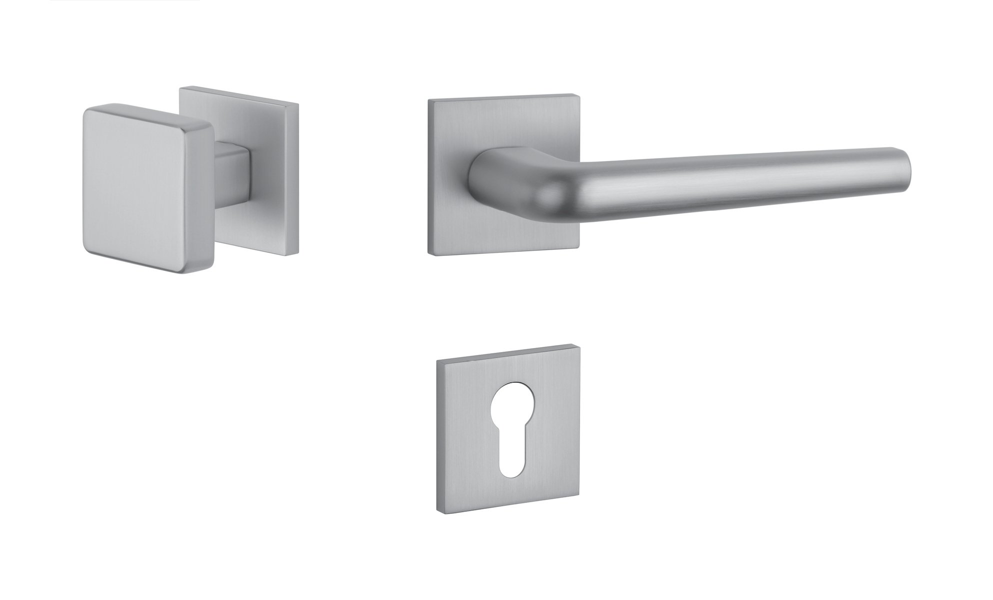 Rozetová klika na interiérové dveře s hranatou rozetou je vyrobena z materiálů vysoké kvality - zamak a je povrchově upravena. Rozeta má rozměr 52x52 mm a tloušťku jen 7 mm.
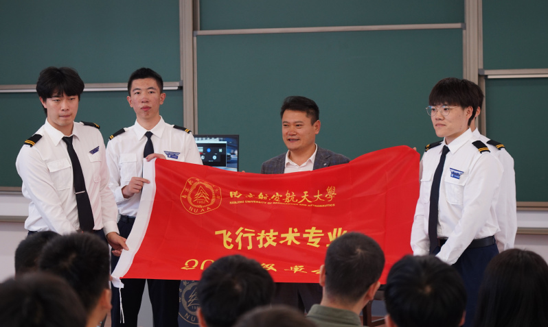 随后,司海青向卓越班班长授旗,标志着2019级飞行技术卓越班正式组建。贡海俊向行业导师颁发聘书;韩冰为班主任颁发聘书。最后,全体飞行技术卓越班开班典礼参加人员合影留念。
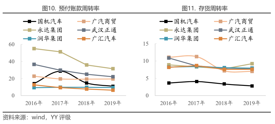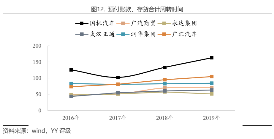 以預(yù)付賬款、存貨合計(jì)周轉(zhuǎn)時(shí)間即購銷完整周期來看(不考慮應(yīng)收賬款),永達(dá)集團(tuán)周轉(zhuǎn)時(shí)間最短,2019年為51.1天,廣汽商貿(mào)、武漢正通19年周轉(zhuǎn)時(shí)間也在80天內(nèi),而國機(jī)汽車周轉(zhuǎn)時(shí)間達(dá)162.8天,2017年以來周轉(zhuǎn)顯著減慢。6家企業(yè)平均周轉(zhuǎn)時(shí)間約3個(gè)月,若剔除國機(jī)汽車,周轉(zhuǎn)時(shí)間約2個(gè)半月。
——
» Task brief: The whole listing above, word for word: repeat it with the pictures excluded.

» Exercise answer:
 Rozetová klika na interiérové dveře s hranatou rozetou je vyrobena z materiálů vysoké kvality - zamak a je povrchově upravena. Rozeta má rozměr 52x52 mm a tloušťku jen 7 mm.
 随后,司海青向卓越班班长授旗,标志着2019级飞行技术卓越班正式组建。贡海俊向行业导师颁发聘书;韩冰为班主任颁发聘书。最后,全体飞行技术卓越班开班典礼参加人员合影留念。
 以預(yù)付賬款、存貨合計(jì)周轉(zhuǎn)時(shí)間即購銷完整周期來看(不考慮應(yīng)收賬款),永達(dá)集團(tuán)周轉(zhuǎn)時(shí)間最短,2019年為51.1天,廣汽商貿(mào)、武漢正通19年周轉(zhuǎn)時(shí)間也在80天內(nèi),而國機(jī)汽車周轉(zhuǎn)時(shí)間達(dá)162.8天,2017年以來周轉(zhuǎn)顯著減慢。6家企業(yè)平均周轉(zhuǎn)時(shí)間約3個(gè)月,若剔除國機(jī)汽車,周轉(zhuǎn)時(shí)間約2個(gè)半月。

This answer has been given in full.